Monday, August 5, 2013

MLB Reads A-Rod the 2-1-1

Circa 1998: "Steroids? What are steroids?"

It's finally official at last, MLB has suspended Alex Rodriguez and 12 others for their involvement with Biogenesis of America. Those 12 others accepted a 50 game suspension. A-Rod, on the other hand, is expected to appeal the 211 games he was slapped with.

The suspensions take effect on August 8 giving time to file an appeal. It also means that A-Rod will get 49 regular season games this year and 162 next year as well as any post-season games.
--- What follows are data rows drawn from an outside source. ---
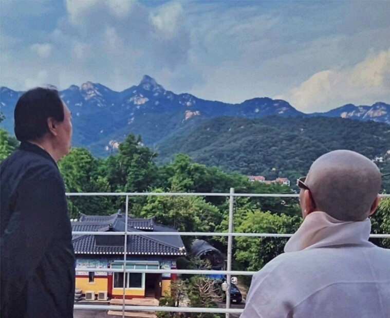 | 지난 2021년 당시, 자비정사에서 묘심 종정과 윤석열 검찰총장이 북한산을 바라보고 있다. [사진=자비정사] |
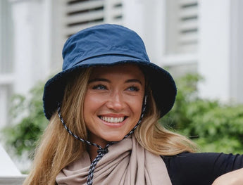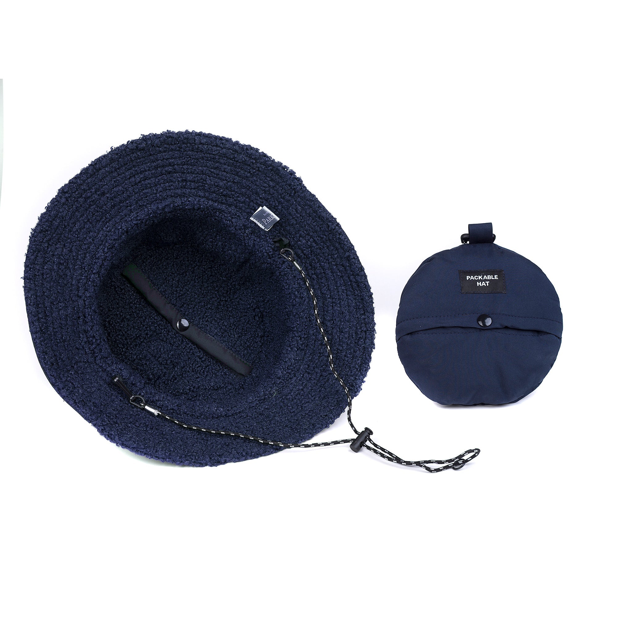 Stay stylish and dry with our navy waterproof bucket hat. A fashionable and versatile design that reverses to fold into a convenient carry pouch. Part fleece lining for added warmth and comfort and adjustable sizing.
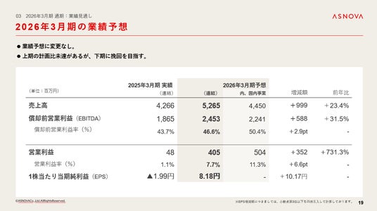 くさび式足場のレンタル・販売を提供する株式会社 ASNOVA(本社所在地:愛知県名古屋市、代表取締役社長 上田桂司、以下「当社」)は2025年11月14日(金)、2026年3月期 第2四半期決算を発表いたしました。
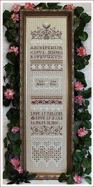 Love is Patient VS132Elegant and timeless as the words of Saint Paul, yet full of modern touches. Stitched on 28ct Raw Cashel, the finished size is 20.4" x 4.6". If you order Specialty Items, we will make you a kit. We are sold out of the branded Victoria Sampler Accessory Packs, but can make our own using the exact same threads from our shop. Designer: Victoria Sampler
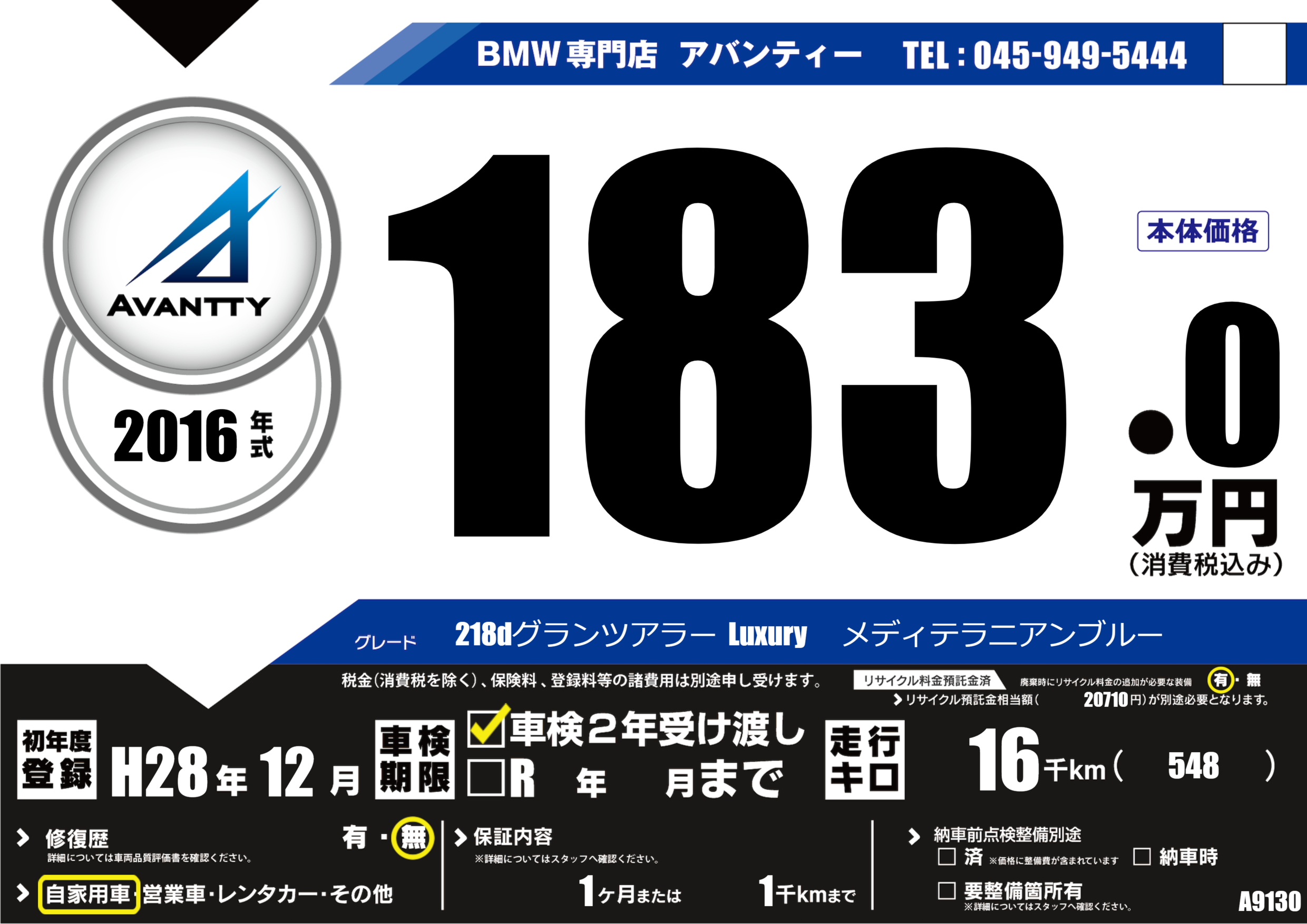 | 走行キロ | 1.6万km | 初年度登録 | H28年12月 |
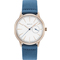 Dámske náramkové hodinky Napájanie z batérie Strojček 6P26 Priemer puzdra 36,0 mm Puzdro v tvare kruhu Oceľové puzdro Ružové zlato farba púzdra Kožený ťah Modrá farba ťahu Ručičkový ciferník Biela farba ciferníku Ciferník s dvanástimi indexmi Materiál skla Dátum
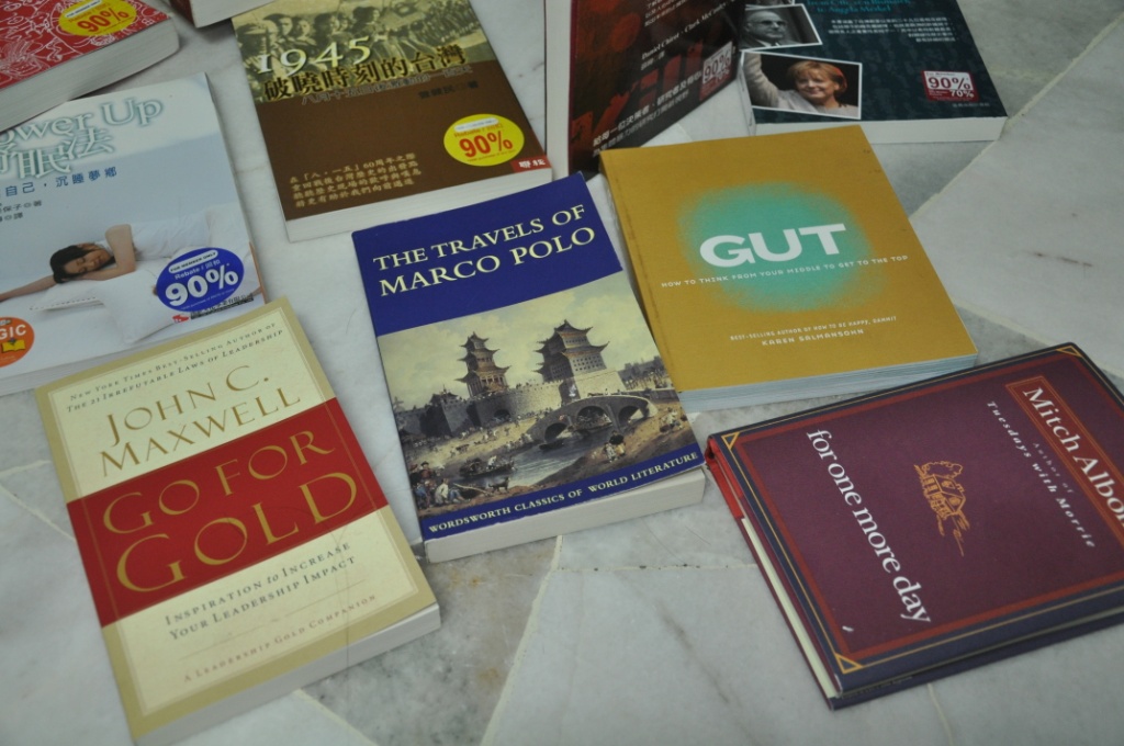 一接到消息的我,馬上取出櫃子裡僅剩的100大元(之前新年時所存留下來的紅包錢/.\),風馳電擎地趕去了SummitUSJ。結果真是令人心花怒放,太多太多好書了~不過其實這還不算太要緊,畢竟很多書店都有很多好書,但是這些書籍的價錢真是便宜到跟舊報紙的價錢差不多,套用我文章中的標題,簡直就是便宜到瘋了!

According to FOXSports' Ken Rosenthal, A-Rod got the big body slam because he was "using PEDs, including testosterone and HGH, over multiple years and obstructing and frustrating its investigation."

Commissioner Bud Selig who dragged his feet so long his shoes wore out, released the following statement about all of the suspensions:
“Major League Baseball has worked diligently with the Players Association for more than a decade to make our Joint Drug Program the best in all of professional sports.  I am proud of the comprehensive nature of our efforts – not only with regard to random testing, groundbreaking blood testing for human Growth Hormone and one of the most significant longitudinal profiling programs in the world, but also our investigative capabilities, which proved vital to the Biogenesis case.  Upon learning that players were linked to the use of performance-enhancing drugs, we vigorously pursued evidence that linked those individuals to violations of our Program.  We conducted a thorough, aggressive investigation guided by facts so that we could justly enforce our rules.
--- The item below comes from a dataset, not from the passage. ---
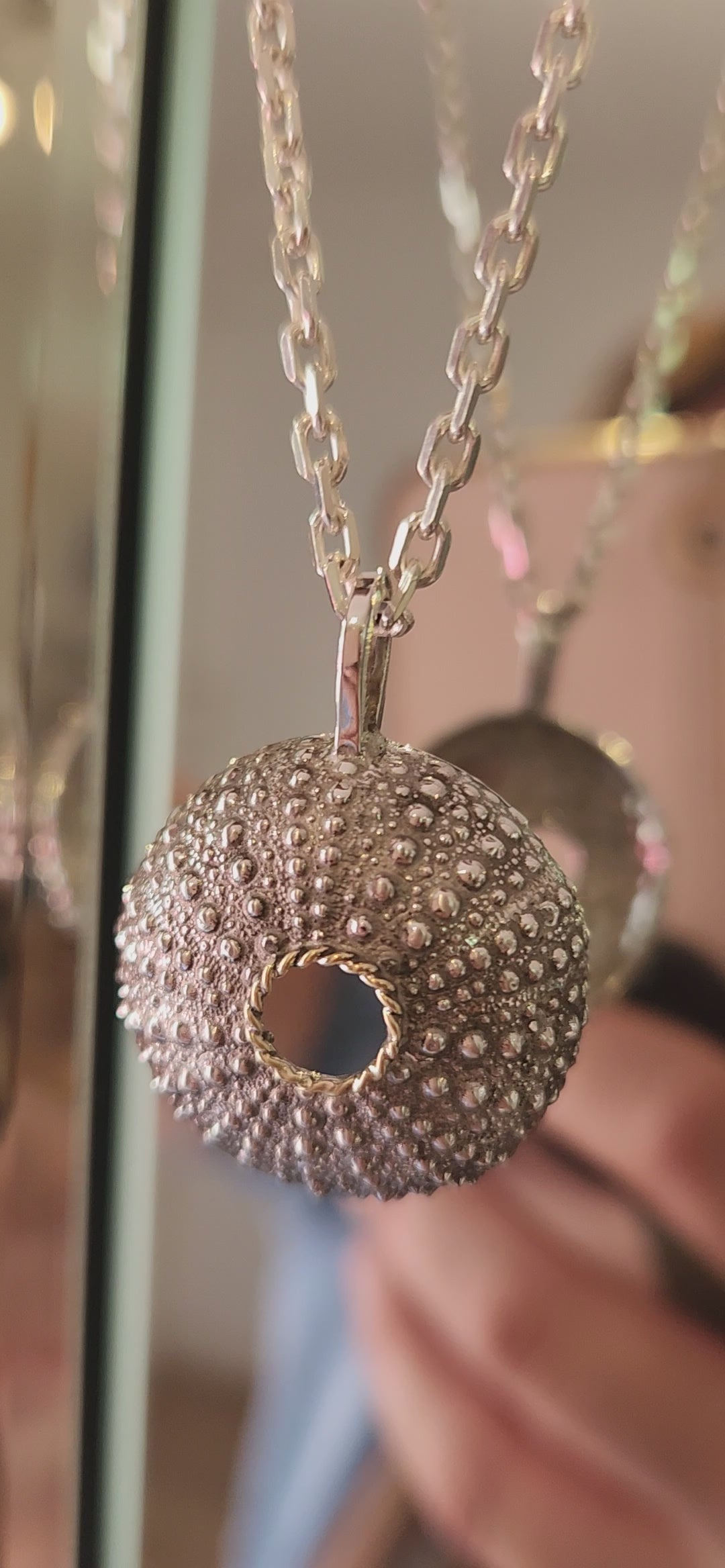 El Colgante ERIZO nace por el amor de mi hijo Luciano, quien desde niño le gustó explorar las costas y bosques. Recolectar palos, conchas y piedritas. Sin embargo, junto al mar, los esqueletos de erizo siempre cautivaron su atención. Esta serie es para él.
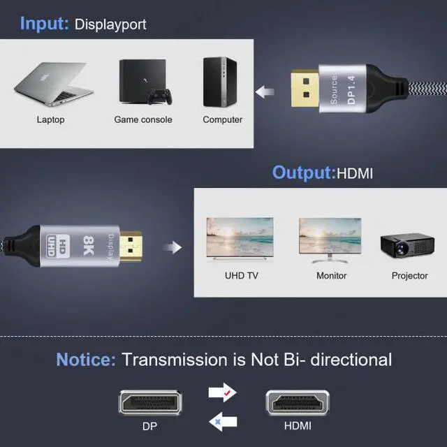 This is a 8K DisplayPort to HDMI cable, Don t support HDMI to DP. It is not Bi-directional.

“Despite the challenges this situation has created during a great season on the field, we pursued this matter because it was not only the right thing to do, but the only thing to do.  For weeks, I have noted the many players throughout the game who have strongly voiced their support on this issue, and I thank them for it.  I appreciate the unwavering support of our owners and club personnel, who share my ardent desire to address this situation appropriately.  I am also grateful to the Professional Baseball Athletic Trainers Society and our club physicians, who were instrumental in the banning of amphetamines and whose expertise remains invaluable to me.  As an institution, we have made unprecedented strides together.

“It is important to point out that 16,000 total urine and blood tests were conducted on players worldwide under MLB Drug Programs in 2012.  With the important additions of the HGH testing and longitudinal profiling this season, we are more confident than ever in the effectiveness of the testing program.  Those players who have violated the Program have created scrutiny for the vast majority of our players, who play the game the right way.
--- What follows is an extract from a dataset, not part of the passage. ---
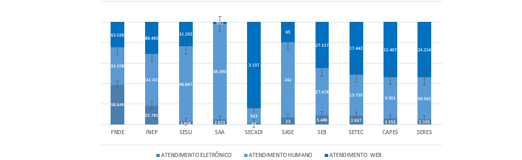 Os multicanais de atendimento recebem e tratam demandas direcionadas ao MEC e a três de suas autarquias: FNDE, Inep e Capes. Em 2023, o atendimento pelos multicanais totalizou 887.529 demandas da sociedade. No Gráfico 1, apresenta-se o quantitativo de atendimentos demandados, organizados por unidade e tipo de canal.
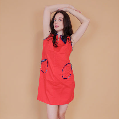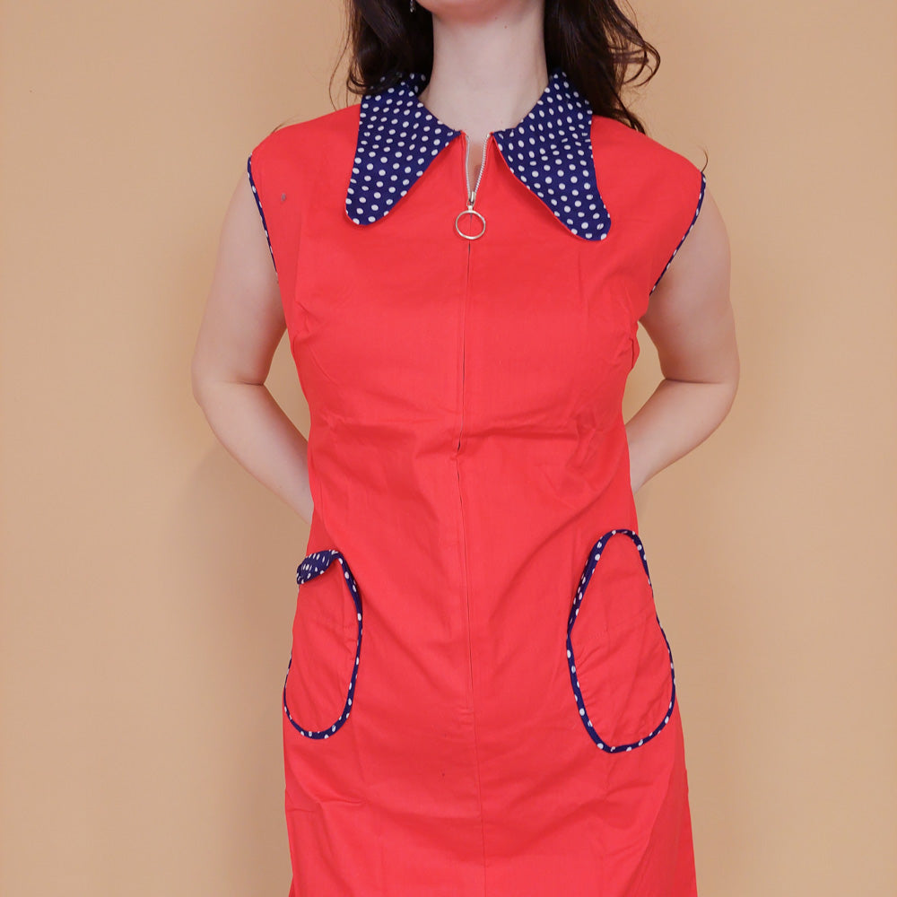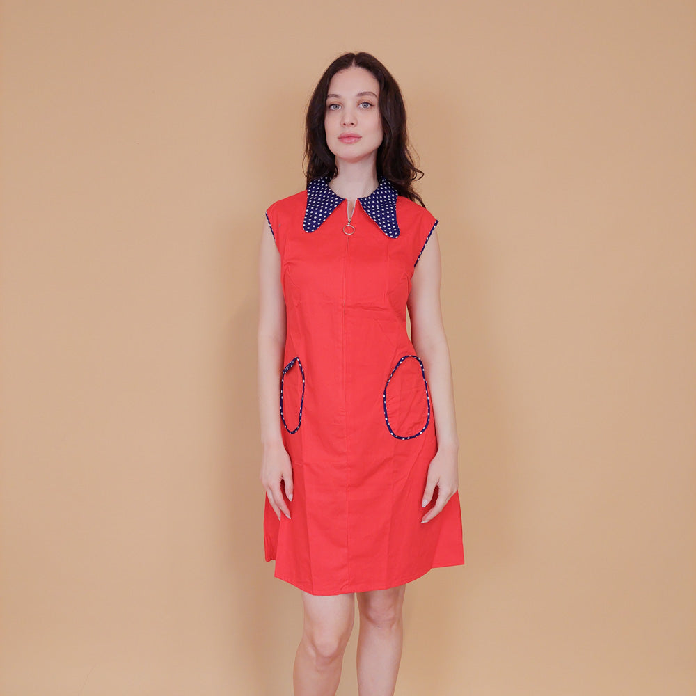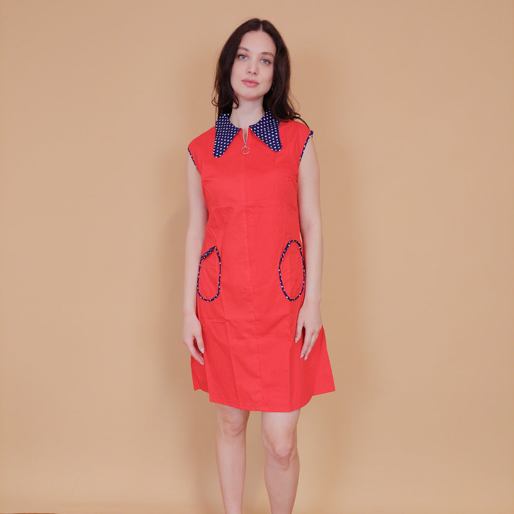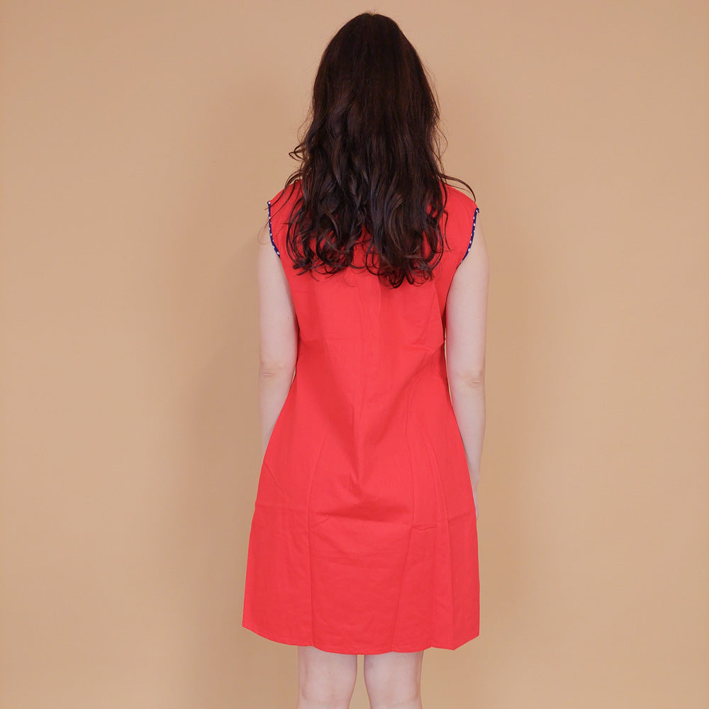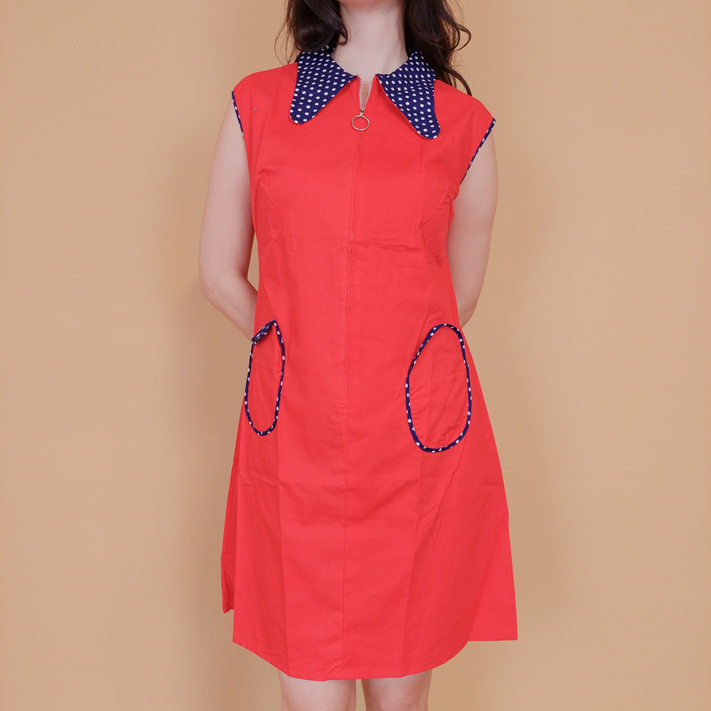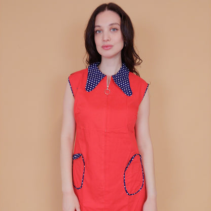 VIN-DR-31408 Vintage φόρεμα κόκκινο βαμβακερό S

“This case resoundingly illustrates that the strength of our Program is not limited only to testing.  We continue to attack this issue on every front – from science and research, to education and awareness, to fact-finding and investigative skills.  Major League Baseball is proud of the enormous progress we have made, and we look forward to working with the players to make the penalties for violations of the Drug Program even more stringent and a stronger deterrent.

“As a social institution with enormous social responsibilities, Baseball must do everything it can to maintain integrity, fairness and a level playing field.  We are committed to working together with players to reiterate that performance-enhancing drugs will not be tolerated in our game.”
The "Dirty Dozen" that accepted a 50 game ban are Francisco Cervelli, Nelson Cruz, Jhonny Peralta, Everth Cabrera, Antonio Bastardo, Jordany Valdespin, Fernando Martinez, Jesus Montero, Cesar Puello, Sergio Escalona, Fautino De Los Santos, Jordan Norberto.